Speaking on a panel about “The Power of Navigation Services,” the expert, Jessica Dine of the Information Technology and Innovation Foundation, said states lack comprehensive data on why some residents remain offline. This information is essential for digital navigator programs to succeed, she said.

She highlighted the need for standardized national metrics on digital literacy and inclusion, and said that federal surveys – including the Census Bureau’s American Community Survey – provide insights on barriers to technology adoption. But more granular data is required.

She also said that the National Telecommunications and Information Administration’s Internet Use Survey doesn’t delve deeply enough into why people choose not to adopt the internet. For instance, understanding the nuances behind the ‘not interested’ response category could unveil targeted intervention strategies.

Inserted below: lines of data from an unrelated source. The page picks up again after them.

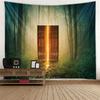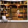 Bookshelf Tapestry, Digital Illustration Of Abstract Design Library In Forest Academic Themed Picture, Wall Hanging Wall Decor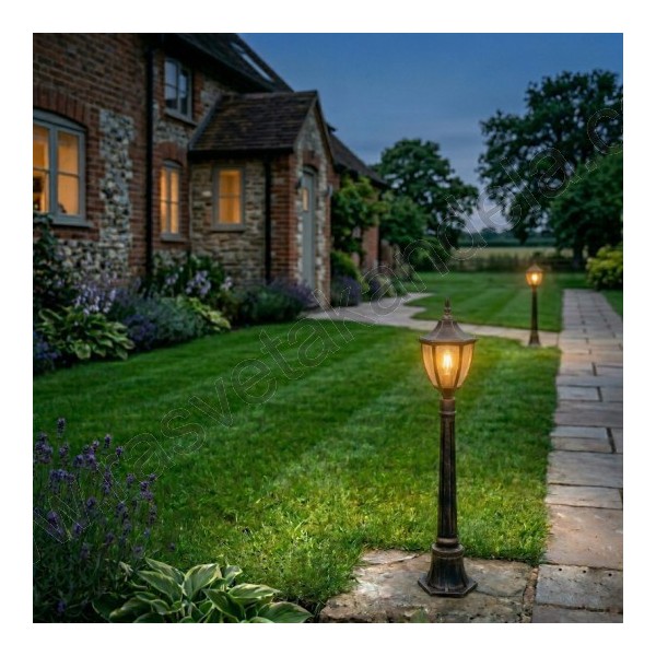 Fenjer stubni M2004-SV braon. Brend: Mitea lighting. Materijal: Legura aluminijuma (nerđajući) + staklo. Boja tela: Braon sa nežnom zlatnom nijansom. Broj staklenih delova: 6 + 6. Dimenzija: 225 mm x 1110 mm. Grlo porcelansko: 1 x E27. Snaga: 1 x max. 60W. Radni napon: 230V. Osnovna odlika: Visok kvalitet izrade i masivnost. IP zaštita: IP44 (vodootporan). Težina: 2,2 kg.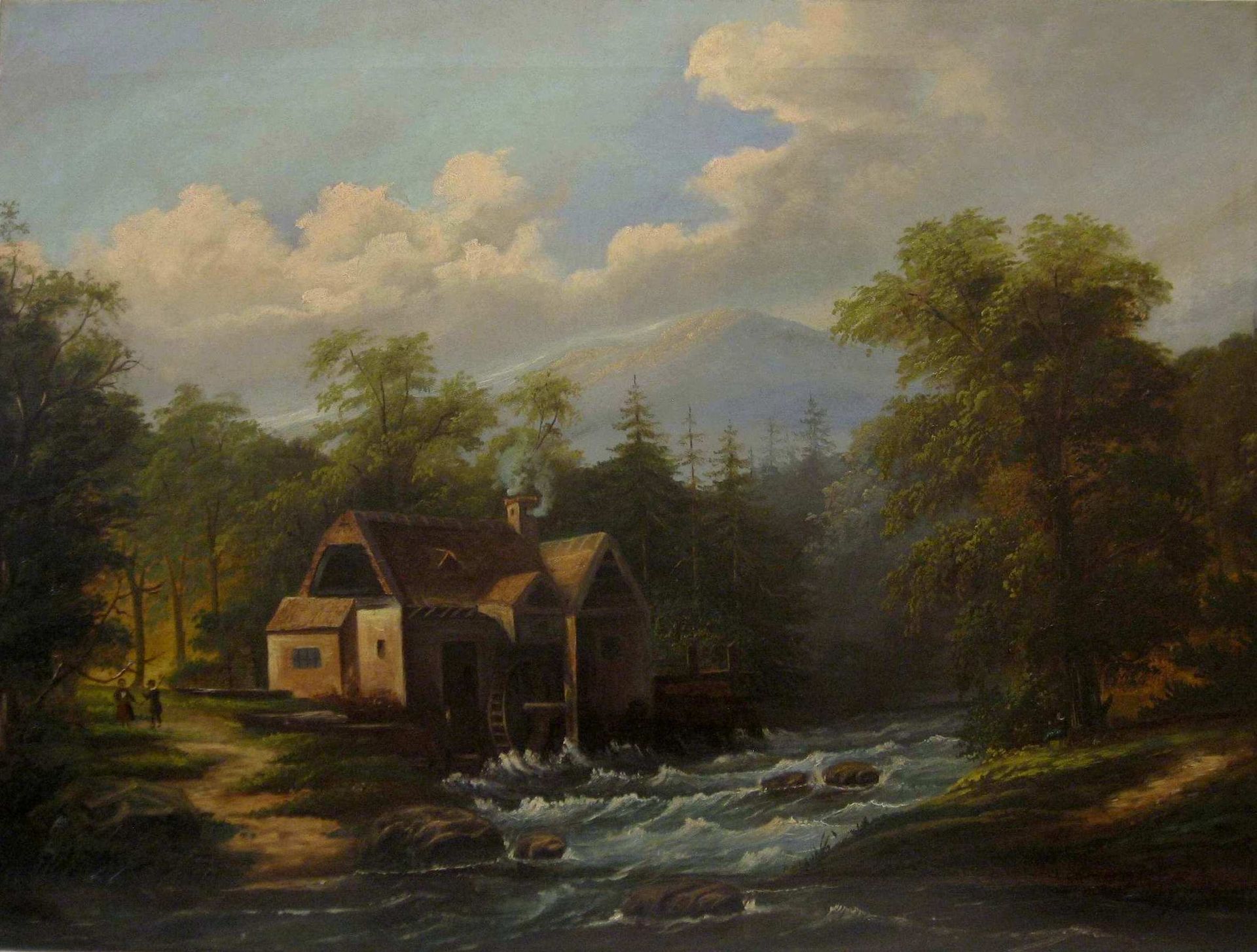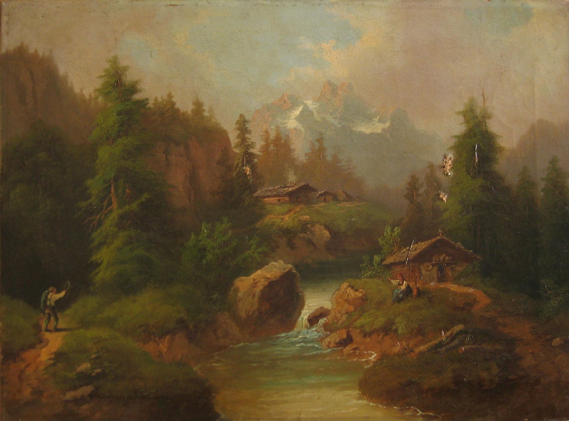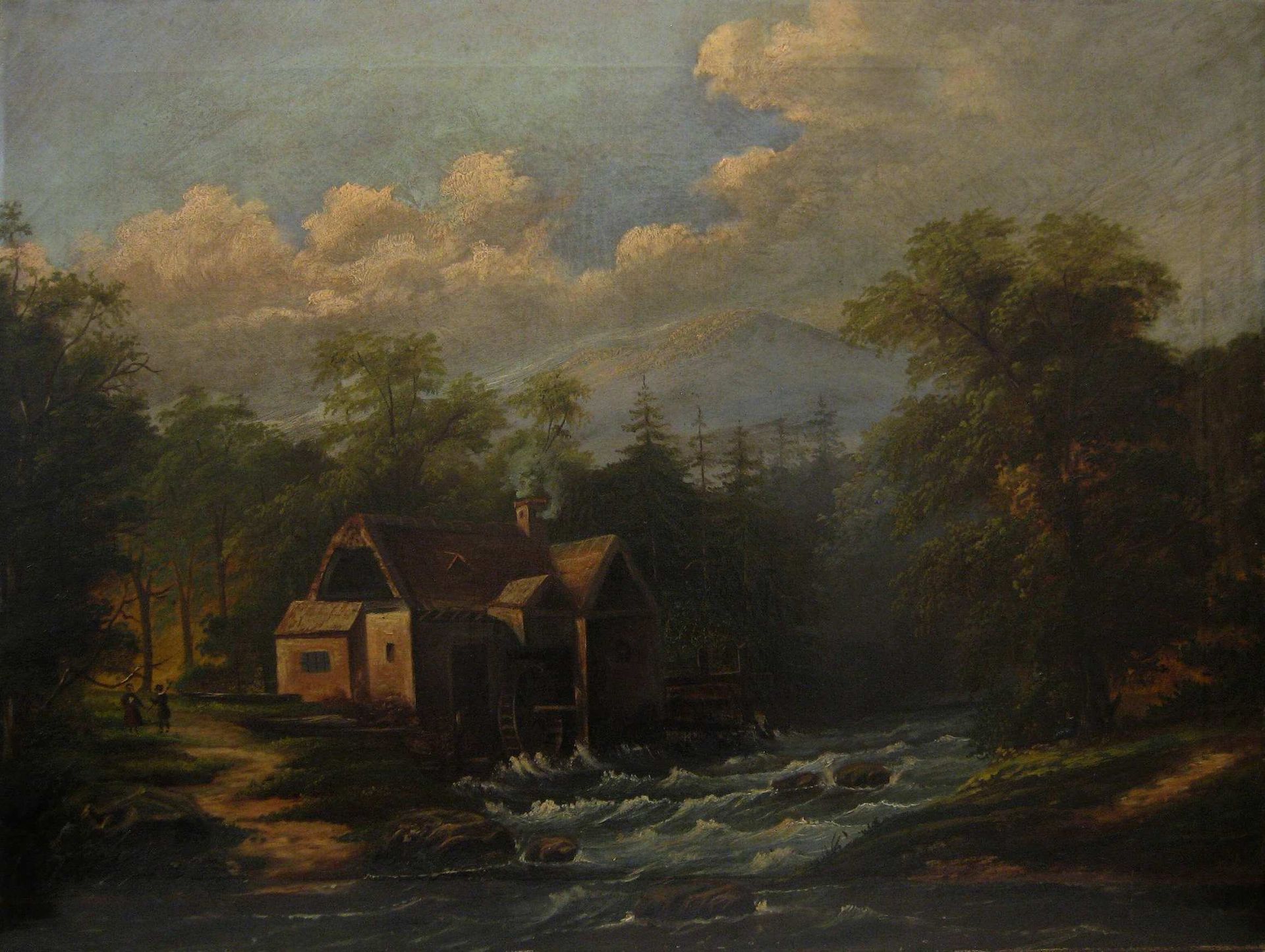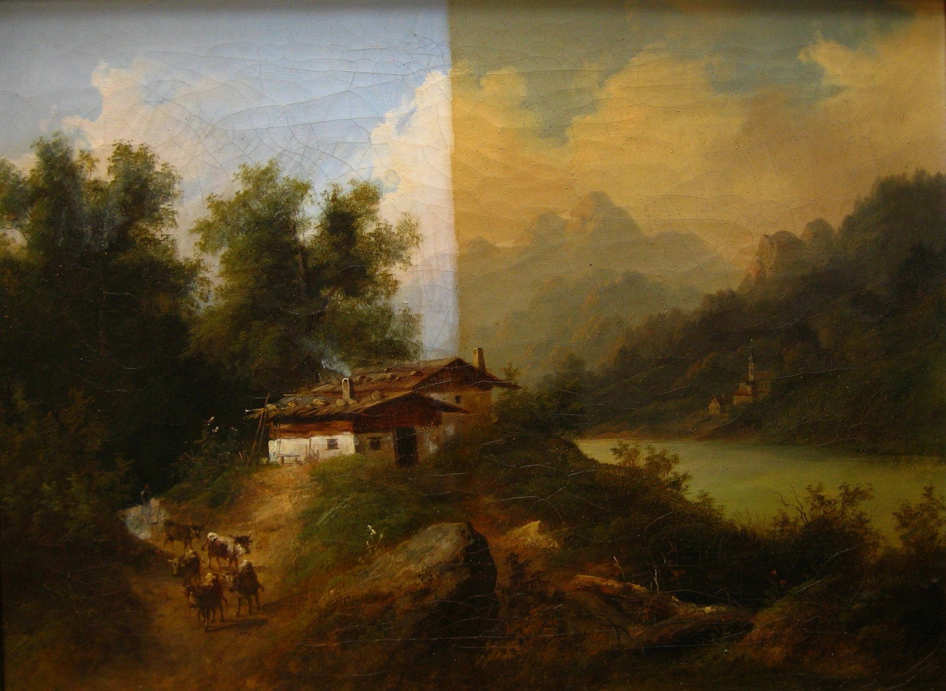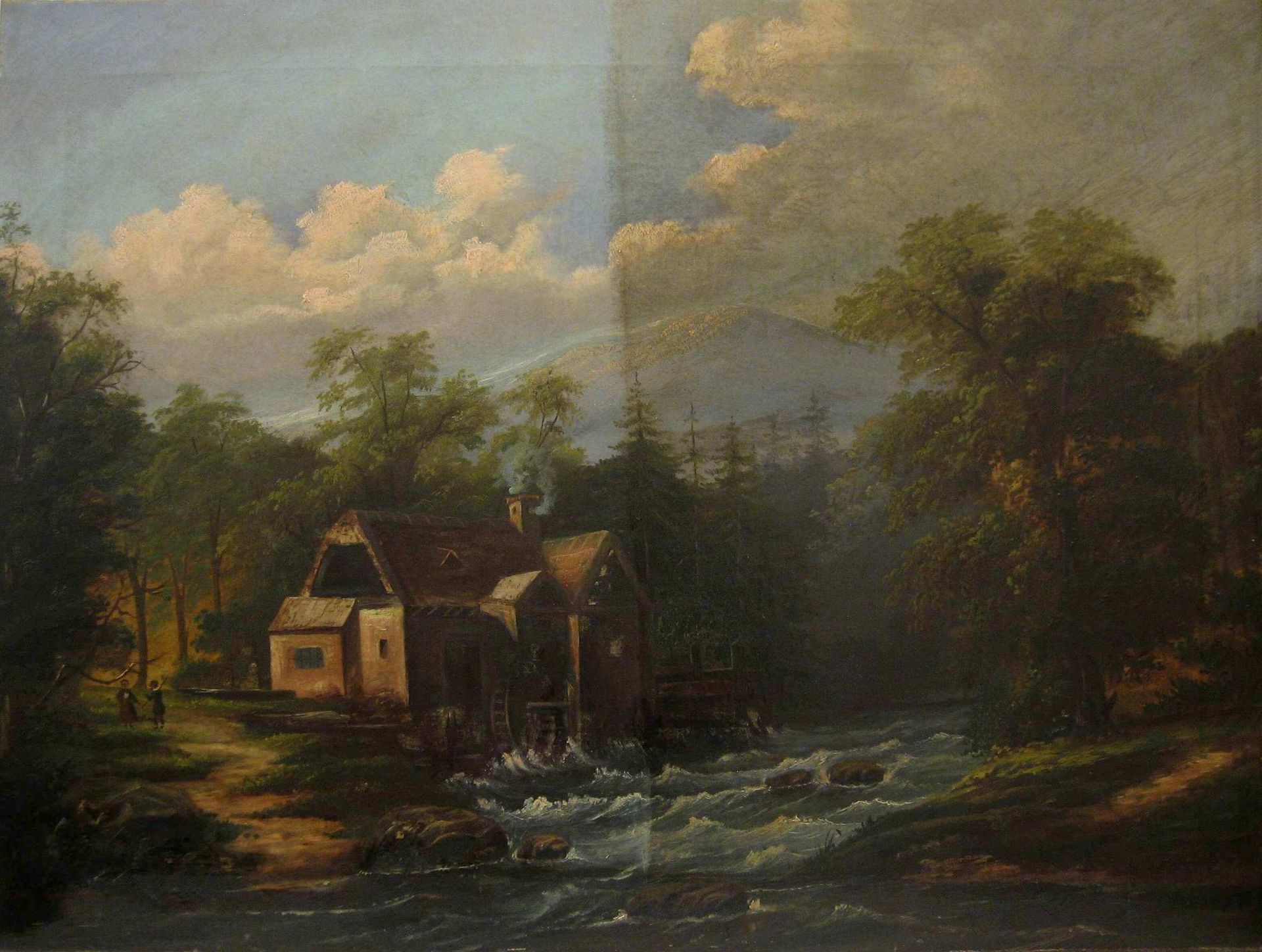 Franz Barbarini (1804-1873), 2. Hälfte des 19. Jh. "Alpenlandschaft mit Wassermühle". Zustand nach der Restaurierung.
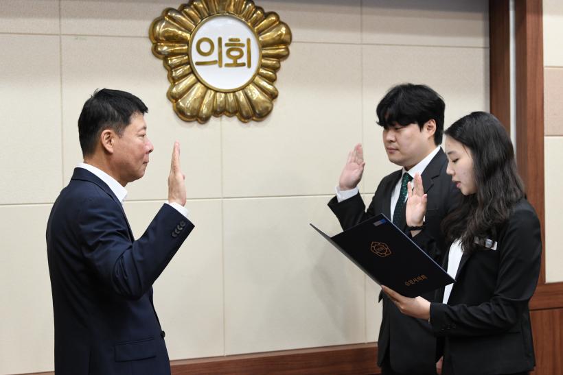 [°ø°£´º½º = ¾ÈÀ翵±âÀÚ] ¼øÃµ½ÃÀÇȸ(ÀÇÀå Á¤º´È¸)´Â 25ÀÏ ÀÇȸ ¼ÒȸÀǽǿ¡¼ Àλç±Ç µ¶¸³ ÈÄ Ã³À½À¸·Î ½Å±Ô°ø¹«¿ø 8¸í¿¡°Ô ÀÓ¿ëÀåÀ» ¼ö¿©Çß´Ù.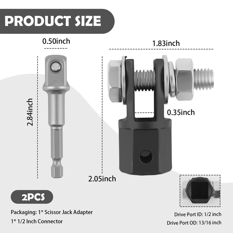 - Product Specification: Scissor jack adapter total size is 2.05*1.83 in, the ID of the drive port is 1/2 in, the OD is 13/16 in, the spacing between the top and bottom of the adapter is 0.35 in, and the total size of the 1/2" connector is 2.84*0.50 in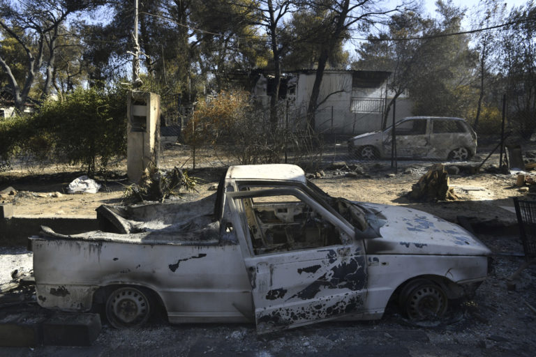Spálené autá parkujú pred poškodeným domom v Chalandri na predmestí Atén v utorok 13. augusta 2024 po veľkom lesnom požiari, ktorý zachvátil severné predmestie gréckej metropoly a vyvolal viaceré evakuácie. Foto: SITA/AP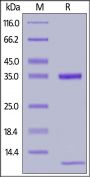 Cynomolgus / Rhesus macaque FCGRT&B2M Heterodimer Protein, His Tag, produced by co-expression of FCGRT and B2M, has a calculated MW of 34.1 kDa (FCGRT) and 11.6 kDa (B2M). Subunit FCGRT is fused with a polyhistidine tag at the C-terminus and subunit Beta-2 microglobulin (B2M) contains no tag at the C-terminus. The reducing (R) protein migrates as 34 kDa (FCGRT) and 12 kDa (B2M) respectively due to glycosylation.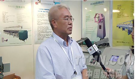 段董:這次紡機(jī)展我們推出三款新產(chǎn)品,其中主打的是兩款,根據(jù)這幾年國(guó)內(nèi)的纖維的變化很大,特別是超細(xì)的纖維,以及高彈的纖維,這些纖維的要求就是對(duì)松色染色提出了一個(gè)新的理念,用原來的絞裝染色現(xiàn)在變?yōu)樗缮沧尤旧,可以大量的?jié)約用水,從環(huán)保上從節(jié)能上從排污上是一個(gè)大的要求,我們迎合這個(gè)要求就開發(fā)了這兩款重點(diǎn)產(chǎn)品,就是解決一些,特別是針對(duì)現(xiàn)在國(guó)內(nèi)的紡織產(chǎn)品的檔次不斷的提高,纖維的要求也提高了,那么對(duì)機(jī)器的要求也就更高了,那么我們這次推出的兩款產(chǎn)品,一個(gè)焦點(diǎn)是高速,第二個(gè)是松色,第三個(gè)強(qiáng)調(diào)一個(gè)密度,這樣就解決了很多客戶現(xiàn)在在發(fā)展纖維的過程中碰到的染色的難題,同時(shí),現(xiàn)在高速織機(jī)的廣泛使用對(duì)于退解地速度要求很高,特別是針織行業(yè)和色織行業(yè),這兩塊的發(fā)展特別的快,對(duì)于絡(luò)筒的成型漲力防疊要求也高了,所以這兩款機(jī)器的關(guān)鍵的特點(diǎn)是它可以做到高速,在高速的狀態(tài)下可以做到松色,在松色的狀態(tài)下可以解決一個(gè)防疊、解決一個(gè)密度,同時(shí)這次特別有一個(gè)優(yōu)勢(shì),就是隨機(jī)的變化,就在線漲力,可以說在國(guó)外也是近幾年發(fā)展的,在國(guó)內(nèi)大家都在研究,當(dāng)然我們已經(jīng)走得比較前面了,這一個(gè)技術(shù)在我們這兩款機(jī)器已經(jīng)體現(xiàn)出來了,這就是我們公司這次帶來的三個(gè)產(chǎn)品的兩個(gè)重點(diǎn)產(chǎn)品。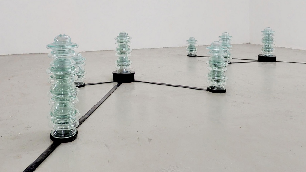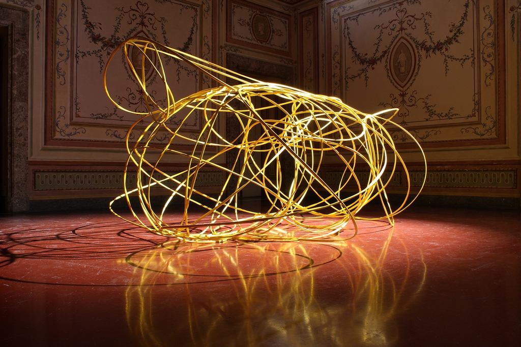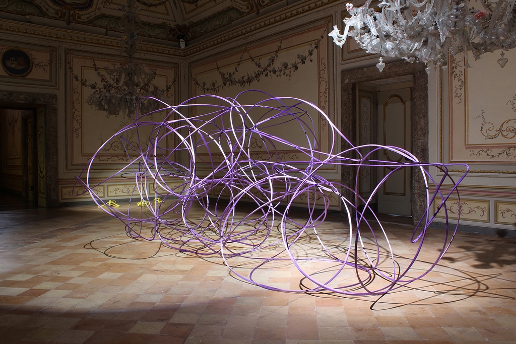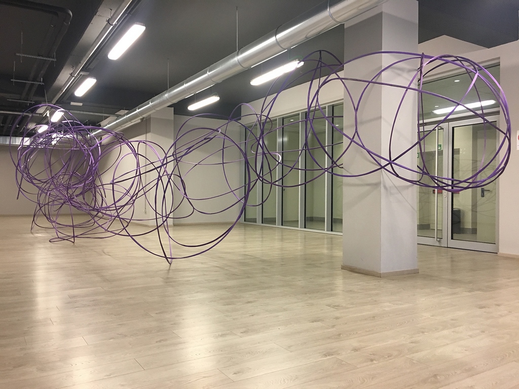 “Cronòtopo”, concepita all’inizio del 2019 e qui presentata in un nuovo allestimento, è un’istallazione a pavimento che configura, attraverso un algoritmo, l’assetto dei pianeti del sistema solare, riproducendo le frequenze da essi generate. “Pelagibacter” (2019) e “Roseobacter” (2019) sono installazioni site e contest specific, create cioè appositamente per gli spazi del CAMeC e ispirate allo studio scientifico dei batteri marini: grandi strutture, costituite da cinghie industriali sospese nello spazio del museo creano forme, in scala 20.000.000:1, ispirate a microrganismi scoperti la fine del XX e l’inizio del XXI secolo, fondamentali per stabilizzare la temperatura del nostro pianeta.

In particular, Dine praised Louisiana and Delaware for surveying communities on their connectivity needs, including overlaying socio-economic indicators with broadband deployment data. But she said more work is required to quantify the precise challenges different populations face.

Other panelists at the session, including Michelle Thornton of the State University of New York at Oswego, emphasized the importance of tracking on-the-ground efforts by navigators themselves.

Bringing in her experience from the field of healthcare navigation, Thornton underscored the value of tracking navigator activities and outcomes. She suggested a collaborative model where state-level data collection is supplemented by detailed, community-level insights from digital navigators.

The panel was part of the Connect20 Summit held in Washington and organized by Network On, the National Digital Inclusion Alliance, and Broadband Breakfast.

The session was moderated by Comcast’s Kate Allison, executive director of research and digital equity at Comcast.